Change was needed on the No. 99 team. But Suarez is no stranger to overcoming hurdles. He was thrown into the Cup Series with Joe Gibbs Racing on little notice when Carl Edwards retired one month before the 2017 season began. Following a two-year stint with JGR, he was replaced by Martin Truex Jr. and was bounced after one year with Stewart-Haas Racing. He failed to qualify for the Daytona 500 in 2020 in what turned out to be a miserable season with Gaunt Brothers Racing.

Suarez now enters the 2024 season with a new mindset, similar to his energy for the 2021 season — his first at Trackhouse.

“This year, to me, feels similar to 2021,” he said. “The reason is because 2020 was a very difficult year for me personally, and then 2021, we started with Trackhouse and it was like a fresh start. A lot of energy, a lot of hype and excitement heading into the year. This year feels that way and the reason is last year, we had a few spikes of good runs. We had a pole position, had a few top fives, but it wasn‘t the year we were hoping for. We worked very hard in the offseason to make our team better”

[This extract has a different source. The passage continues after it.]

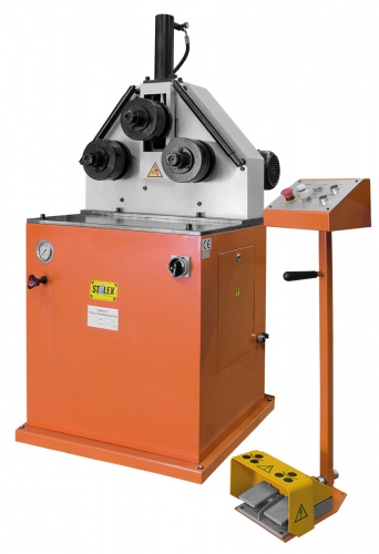 Необходимый профиль гибки достигается постепенным перемещением верхнего валка вниз, который работает от гидростанции.

Aside from changing crew chiefs, Suarez admitted the No. 99 team looks similar to 2023. However, knowing the day-to-day confines, he believes it’s different and is confident that will translate to the race track.

“I like what I‘m seeing and I think we‘re going to be able to move in the right direction with everything we have done,” Suarez said.

In 2023, Suarez thought the team was a “good top-15 team.” But that’s not going to cut it.

Trackhouse has Zane Smith, whose contract is being leased to Spire Motorsports this season in the No. 71 car, and Shane van Gisbergen waiting in the wing. Suarez doesn’t believe those options add pressure to him.

“There is always pressure, but I don‘t have any extra pressure because of them,” he said. “I know what I‘m capable of and I know what we were lacking last year. I feel like as a group we made some adjustments to be better and we‘re going to be fine. We have to be better.”

Being better starts with Daytona, as Suarez has nine DNFs in 13 starts at the World Center of Racing.